- **Excerpted records**:
▬▬▬▬▬▬

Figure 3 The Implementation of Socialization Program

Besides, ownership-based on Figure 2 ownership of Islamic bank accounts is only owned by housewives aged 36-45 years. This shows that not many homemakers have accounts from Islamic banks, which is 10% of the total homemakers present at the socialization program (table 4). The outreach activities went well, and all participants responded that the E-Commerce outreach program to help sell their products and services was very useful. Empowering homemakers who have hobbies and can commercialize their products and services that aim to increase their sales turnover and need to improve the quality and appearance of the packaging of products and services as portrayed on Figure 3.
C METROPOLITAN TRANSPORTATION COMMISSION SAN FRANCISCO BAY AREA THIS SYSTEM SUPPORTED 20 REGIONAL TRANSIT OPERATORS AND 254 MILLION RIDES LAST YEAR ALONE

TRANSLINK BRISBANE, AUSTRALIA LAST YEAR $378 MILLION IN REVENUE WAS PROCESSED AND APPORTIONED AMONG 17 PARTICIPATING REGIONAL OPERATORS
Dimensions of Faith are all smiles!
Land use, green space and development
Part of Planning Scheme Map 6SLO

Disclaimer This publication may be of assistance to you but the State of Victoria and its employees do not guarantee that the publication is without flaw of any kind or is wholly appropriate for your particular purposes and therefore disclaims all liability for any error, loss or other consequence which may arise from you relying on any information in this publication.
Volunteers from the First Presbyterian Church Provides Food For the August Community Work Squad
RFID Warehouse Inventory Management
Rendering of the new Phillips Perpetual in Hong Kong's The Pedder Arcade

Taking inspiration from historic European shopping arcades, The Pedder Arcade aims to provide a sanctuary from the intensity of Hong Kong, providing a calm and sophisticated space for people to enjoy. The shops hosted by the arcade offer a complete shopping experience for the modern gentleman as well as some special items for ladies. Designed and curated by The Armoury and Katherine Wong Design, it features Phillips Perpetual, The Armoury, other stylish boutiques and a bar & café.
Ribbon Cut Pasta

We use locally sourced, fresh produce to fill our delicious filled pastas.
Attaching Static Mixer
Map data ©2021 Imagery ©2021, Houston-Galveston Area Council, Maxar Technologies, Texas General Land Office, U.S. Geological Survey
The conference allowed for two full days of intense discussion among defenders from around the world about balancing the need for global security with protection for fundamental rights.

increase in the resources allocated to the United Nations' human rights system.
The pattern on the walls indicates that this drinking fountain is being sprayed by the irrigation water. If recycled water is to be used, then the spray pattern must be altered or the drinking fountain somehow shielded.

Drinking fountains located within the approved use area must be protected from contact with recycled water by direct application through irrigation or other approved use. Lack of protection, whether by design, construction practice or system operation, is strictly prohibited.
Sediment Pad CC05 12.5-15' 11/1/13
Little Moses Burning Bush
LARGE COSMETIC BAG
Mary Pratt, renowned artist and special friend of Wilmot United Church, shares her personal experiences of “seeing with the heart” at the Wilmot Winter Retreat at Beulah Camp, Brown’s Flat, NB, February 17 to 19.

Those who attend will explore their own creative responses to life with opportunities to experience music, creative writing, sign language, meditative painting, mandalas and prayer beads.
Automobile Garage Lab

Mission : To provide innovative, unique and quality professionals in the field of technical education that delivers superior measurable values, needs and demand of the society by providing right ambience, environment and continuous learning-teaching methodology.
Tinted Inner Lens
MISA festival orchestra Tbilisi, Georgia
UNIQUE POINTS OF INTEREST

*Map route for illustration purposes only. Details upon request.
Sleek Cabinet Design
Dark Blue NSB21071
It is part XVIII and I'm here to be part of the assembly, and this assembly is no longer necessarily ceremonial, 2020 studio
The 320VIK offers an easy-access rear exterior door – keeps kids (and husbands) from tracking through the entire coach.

▬▬▬▬▬▬

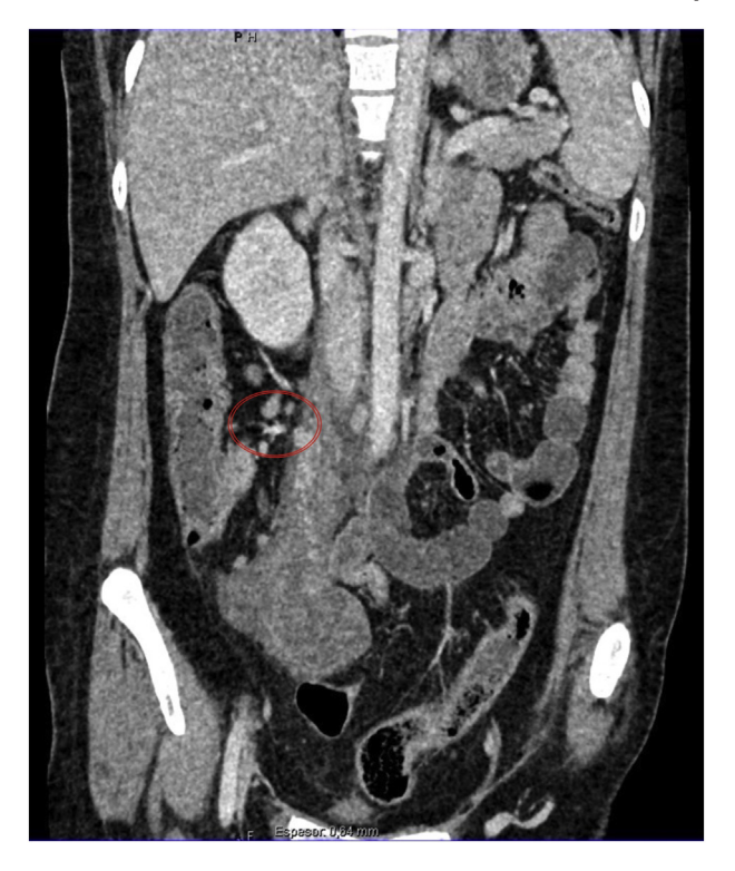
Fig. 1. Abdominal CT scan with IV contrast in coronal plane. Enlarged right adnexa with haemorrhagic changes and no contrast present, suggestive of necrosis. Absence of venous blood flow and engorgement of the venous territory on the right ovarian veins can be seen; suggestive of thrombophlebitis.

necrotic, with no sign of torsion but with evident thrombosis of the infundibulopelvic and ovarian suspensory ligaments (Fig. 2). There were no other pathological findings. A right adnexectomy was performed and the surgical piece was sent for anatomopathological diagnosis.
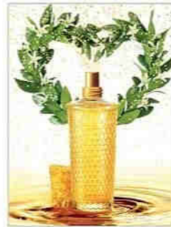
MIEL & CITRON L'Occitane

▬▬▬▬▬▬

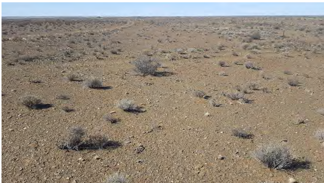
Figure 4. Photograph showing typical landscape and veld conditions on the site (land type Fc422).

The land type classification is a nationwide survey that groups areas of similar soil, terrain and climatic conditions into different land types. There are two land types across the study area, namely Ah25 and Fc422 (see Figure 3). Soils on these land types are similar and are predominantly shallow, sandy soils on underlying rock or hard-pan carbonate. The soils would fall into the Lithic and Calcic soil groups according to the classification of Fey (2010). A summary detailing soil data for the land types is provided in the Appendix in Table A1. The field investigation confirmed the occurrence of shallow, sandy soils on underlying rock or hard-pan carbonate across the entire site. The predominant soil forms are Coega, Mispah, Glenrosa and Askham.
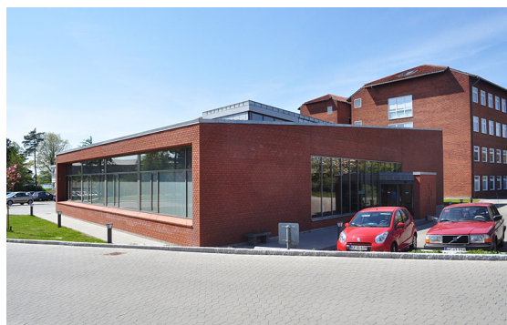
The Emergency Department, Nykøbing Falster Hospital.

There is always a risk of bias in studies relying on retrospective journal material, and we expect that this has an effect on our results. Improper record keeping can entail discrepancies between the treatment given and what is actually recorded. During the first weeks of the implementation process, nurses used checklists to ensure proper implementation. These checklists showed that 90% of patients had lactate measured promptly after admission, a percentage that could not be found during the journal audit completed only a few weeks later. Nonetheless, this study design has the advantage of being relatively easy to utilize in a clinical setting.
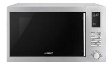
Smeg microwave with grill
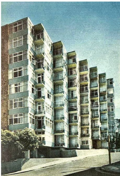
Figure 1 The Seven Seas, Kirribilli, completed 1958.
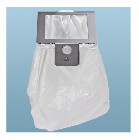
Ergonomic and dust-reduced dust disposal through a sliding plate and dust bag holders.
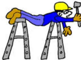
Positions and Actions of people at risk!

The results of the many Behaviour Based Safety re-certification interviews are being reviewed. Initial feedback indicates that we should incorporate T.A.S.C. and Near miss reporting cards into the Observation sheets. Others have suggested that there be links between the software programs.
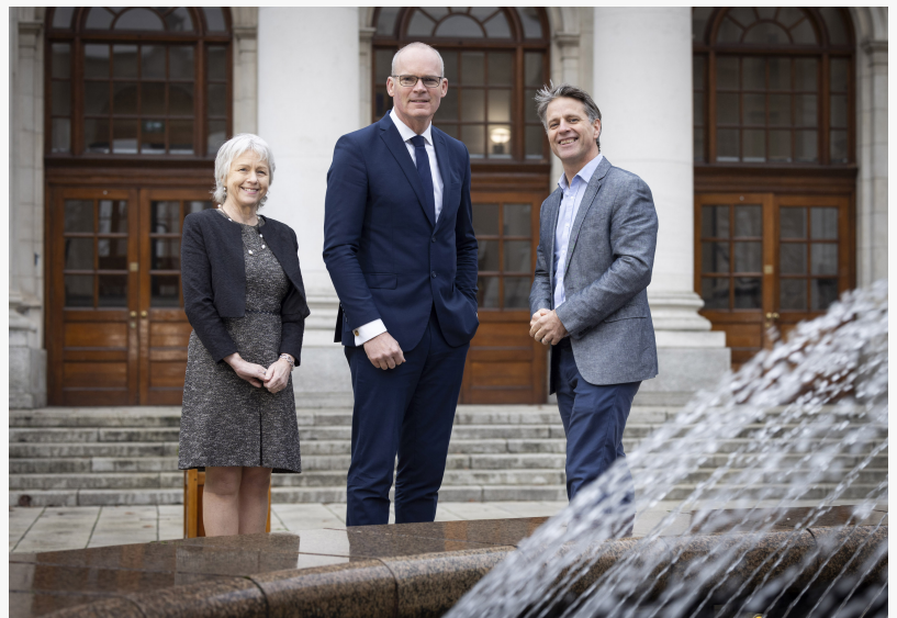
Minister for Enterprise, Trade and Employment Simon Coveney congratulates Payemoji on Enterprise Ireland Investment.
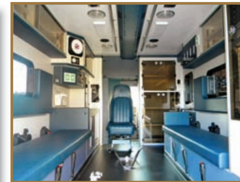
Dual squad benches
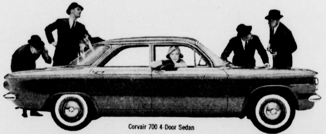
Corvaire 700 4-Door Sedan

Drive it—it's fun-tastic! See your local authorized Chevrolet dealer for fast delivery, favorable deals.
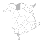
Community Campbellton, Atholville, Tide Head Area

▬▬▬▬▬▬

- **What to produce**:
Print only what lies in the material above starting at the line with "UNIQUE POINTS OF INTEREST" and ending at the line with "The 320VIK offers", every line exactly as given.

- **Response to the task**:
UNIQUE POINTS OF INTEREST

*Map route for illustration purposes only. Details upon request.
Sleek Cabinet Design
Dark Blue NSB21071
It is part XVIII and I'm here to be part of the assembly, and this assembly is no longer necessarily ceremonial, 2020 studio
The 320VIK offers an easy-access rear exterior door – keeps kids (and husbands) from tracking through the entire coach.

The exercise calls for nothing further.